- [WORK TO BE COMPLETED]: Starting at the line that contains "Tehokas 4 yhdessä" and stopping at the line that contains "Project 10073 Record", transcribe every line of the material below exactly; pictures stay out.
[Opening DATA IN THIS EXERCISE section]
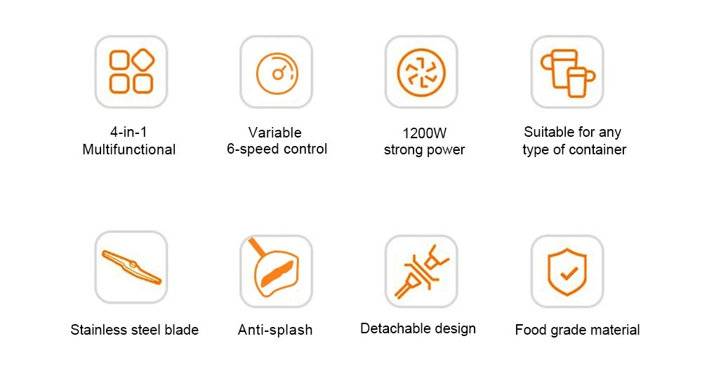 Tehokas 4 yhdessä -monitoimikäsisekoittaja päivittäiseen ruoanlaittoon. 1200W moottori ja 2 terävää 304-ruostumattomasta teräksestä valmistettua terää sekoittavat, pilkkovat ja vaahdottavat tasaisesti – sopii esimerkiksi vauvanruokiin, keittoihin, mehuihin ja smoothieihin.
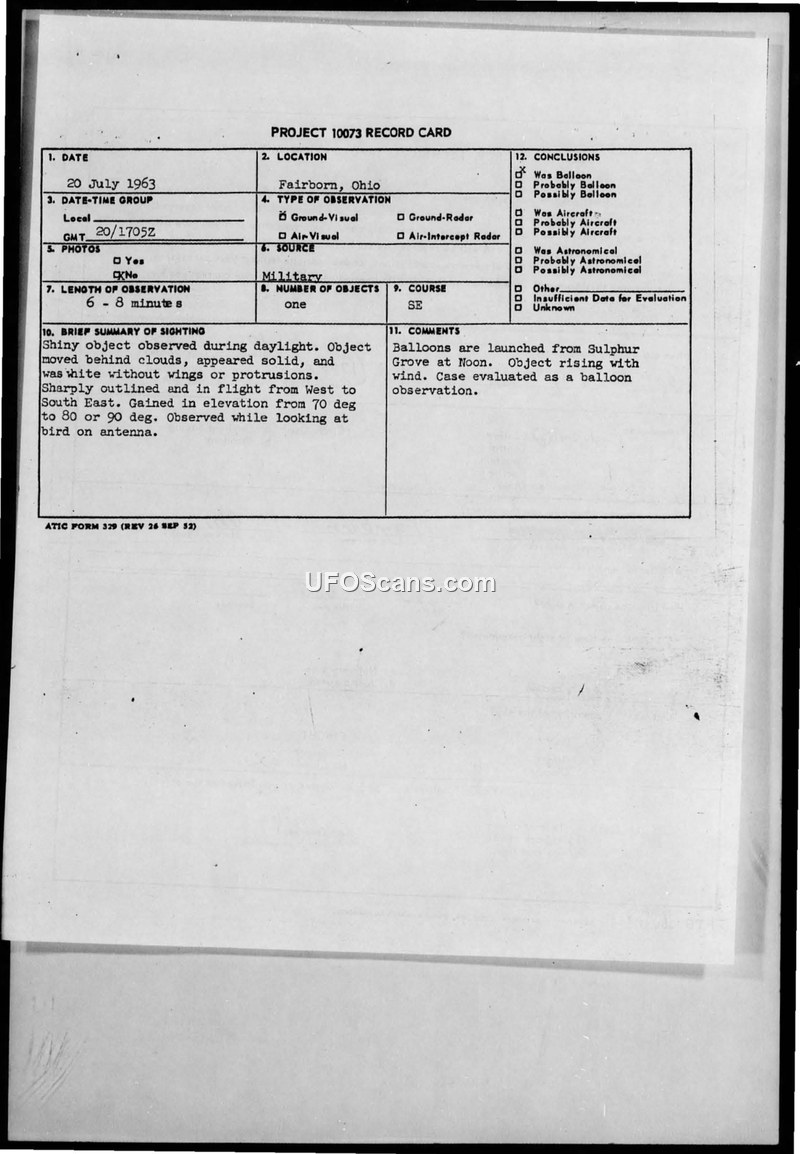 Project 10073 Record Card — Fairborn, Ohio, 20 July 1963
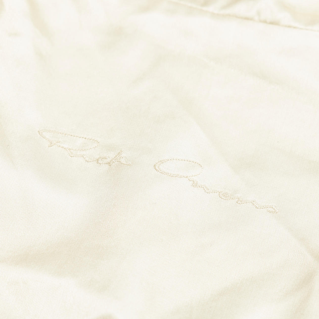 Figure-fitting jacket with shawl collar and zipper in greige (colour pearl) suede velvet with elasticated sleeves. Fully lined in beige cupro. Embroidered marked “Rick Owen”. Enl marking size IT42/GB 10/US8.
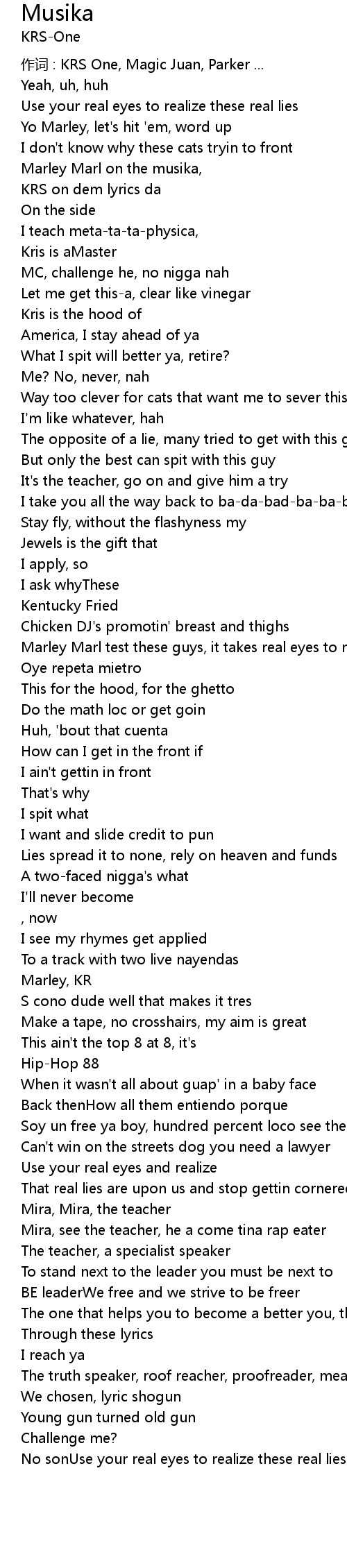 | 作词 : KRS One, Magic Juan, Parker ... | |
[Closing DATA IN THIS EXERCISE section]
[Opening DATA IN THIS EXERCISE section]
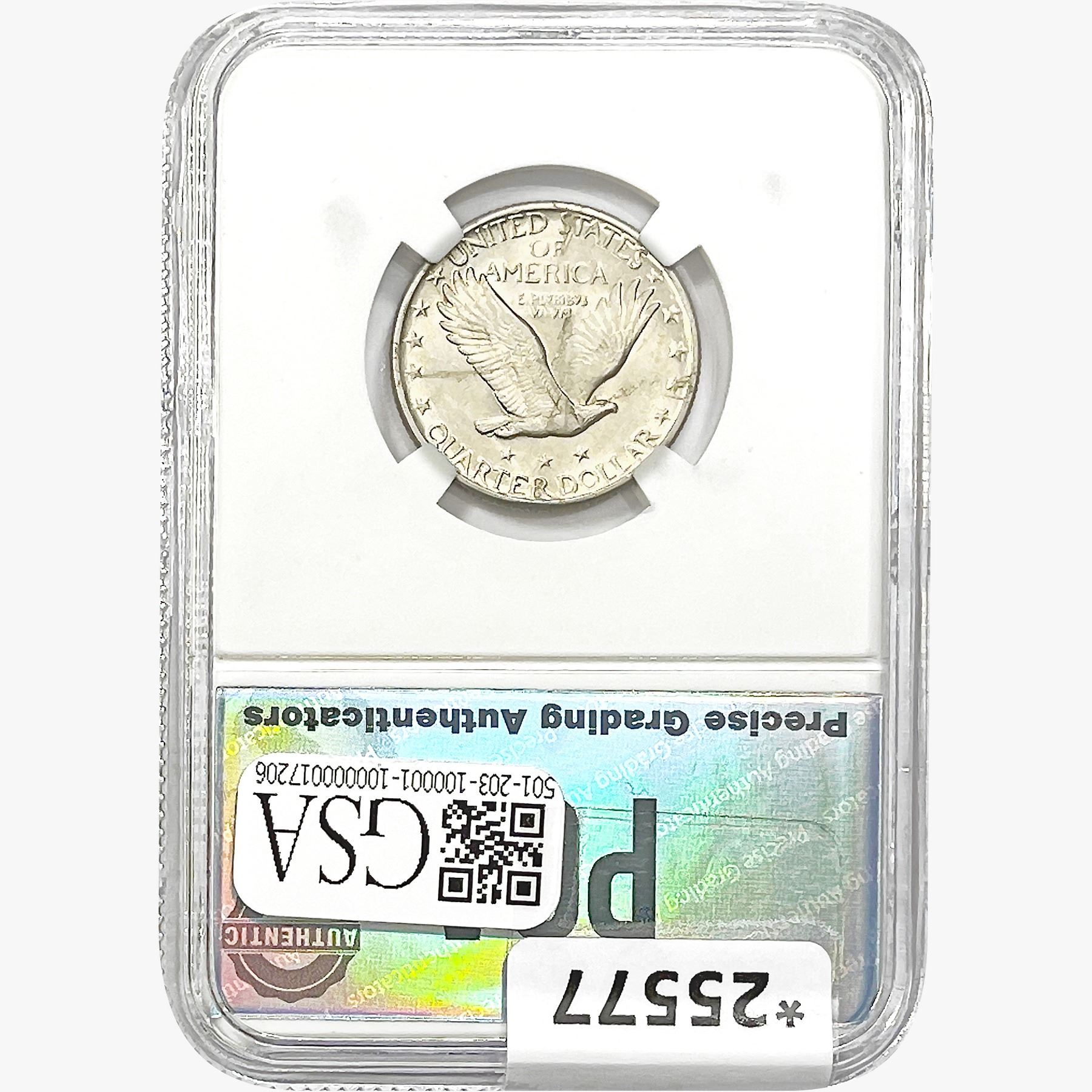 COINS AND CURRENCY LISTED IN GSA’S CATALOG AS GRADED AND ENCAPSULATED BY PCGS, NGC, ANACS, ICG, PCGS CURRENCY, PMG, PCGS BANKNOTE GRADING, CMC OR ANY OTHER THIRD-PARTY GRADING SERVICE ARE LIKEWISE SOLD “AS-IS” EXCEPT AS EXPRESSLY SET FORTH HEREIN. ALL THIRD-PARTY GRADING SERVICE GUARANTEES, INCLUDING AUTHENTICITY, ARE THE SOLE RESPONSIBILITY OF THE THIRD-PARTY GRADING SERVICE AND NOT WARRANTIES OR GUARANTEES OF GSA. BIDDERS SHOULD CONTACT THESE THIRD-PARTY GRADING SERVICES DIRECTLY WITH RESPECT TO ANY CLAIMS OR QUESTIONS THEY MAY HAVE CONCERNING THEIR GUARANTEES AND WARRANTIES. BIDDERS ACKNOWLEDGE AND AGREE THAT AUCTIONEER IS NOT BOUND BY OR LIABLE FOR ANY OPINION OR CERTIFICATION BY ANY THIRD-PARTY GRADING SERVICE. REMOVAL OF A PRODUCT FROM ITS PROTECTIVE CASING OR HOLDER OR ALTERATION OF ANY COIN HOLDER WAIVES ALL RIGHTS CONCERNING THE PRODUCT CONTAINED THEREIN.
[Closing DATA IN THIS EXERCISE section]
[Opening DATA IN THIS EXERCISE section]
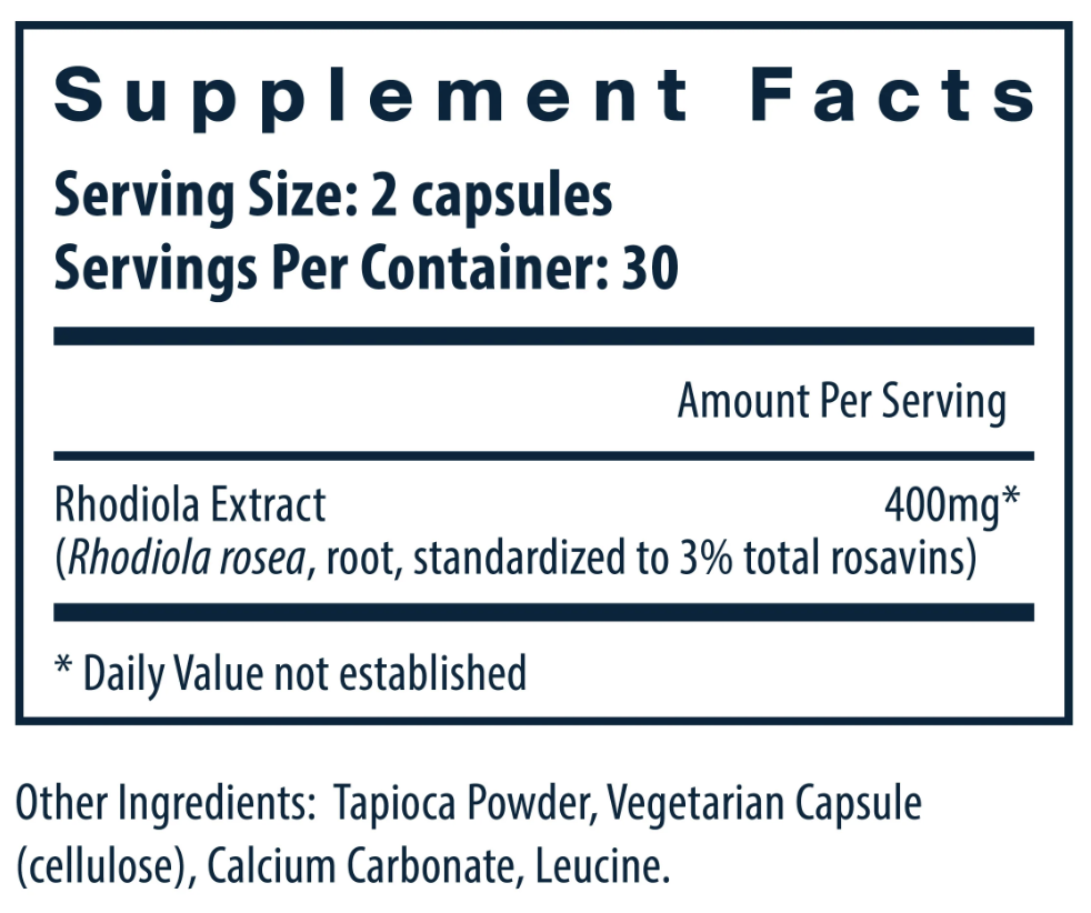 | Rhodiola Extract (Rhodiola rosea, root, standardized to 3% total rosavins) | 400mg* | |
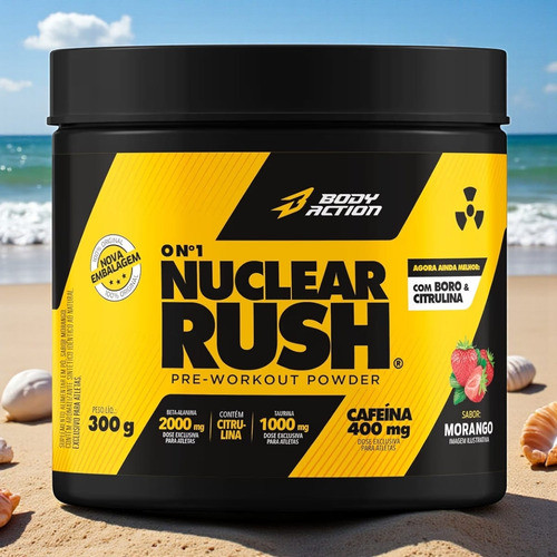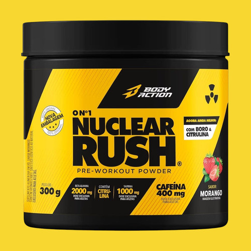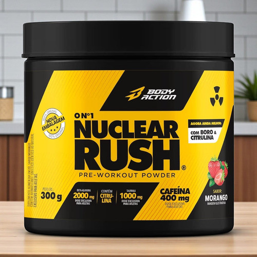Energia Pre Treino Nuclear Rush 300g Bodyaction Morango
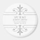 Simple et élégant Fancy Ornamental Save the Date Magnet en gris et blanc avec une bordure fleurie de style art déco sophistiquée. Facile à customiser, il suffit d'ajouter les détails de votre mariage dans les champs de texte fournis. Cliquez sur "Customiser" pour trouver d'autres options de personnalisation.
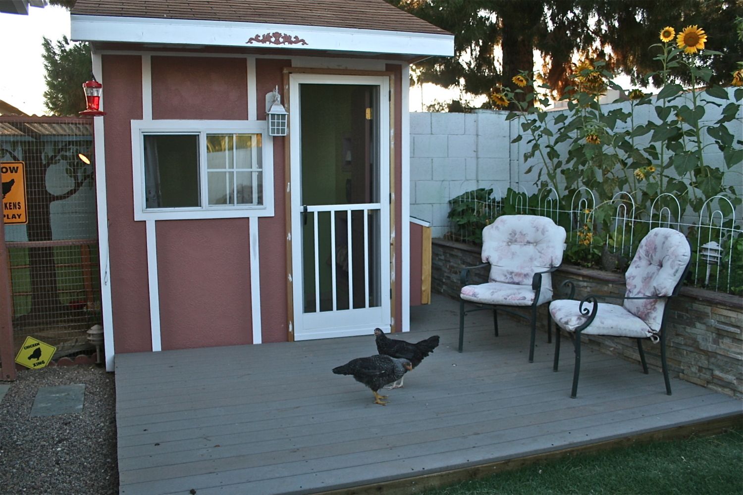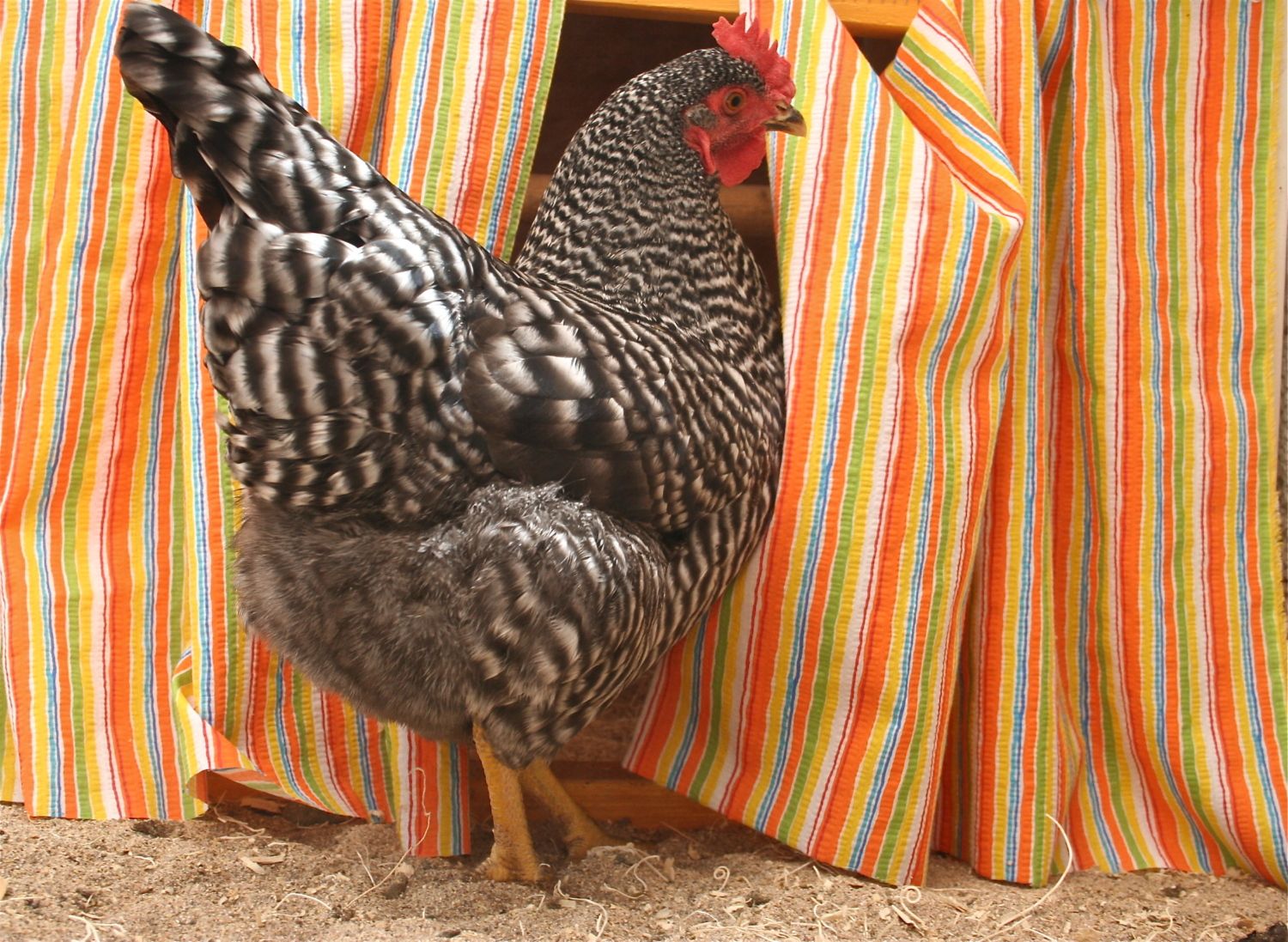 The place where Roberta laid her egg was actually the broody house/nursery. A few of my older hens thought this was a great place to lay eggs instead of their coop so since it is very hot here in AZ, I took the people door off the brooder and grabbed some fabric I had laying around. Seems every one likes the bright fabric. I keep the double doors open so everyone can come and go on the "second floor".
[Closing DATA IN THIS EXERCISE section]
- [THE COMPLETED TASK]:
 Tehokas 4 yhdessä -monitoimikäsisekoittaja päivittäiseen ruoanlaittoon. 1200W moottori ja 2 terävää 304-ruostumattomasta teräksestä valmistettua terää sekoittavat, pilkkovat ja vaahdottavat tasaisesti – sopii esimerkiksi vauvanruokiin, keittoihin, mehuihin ja smoothieihin.
 Project 10073 Record Card — Fairborn, Ohio, 20 July 1963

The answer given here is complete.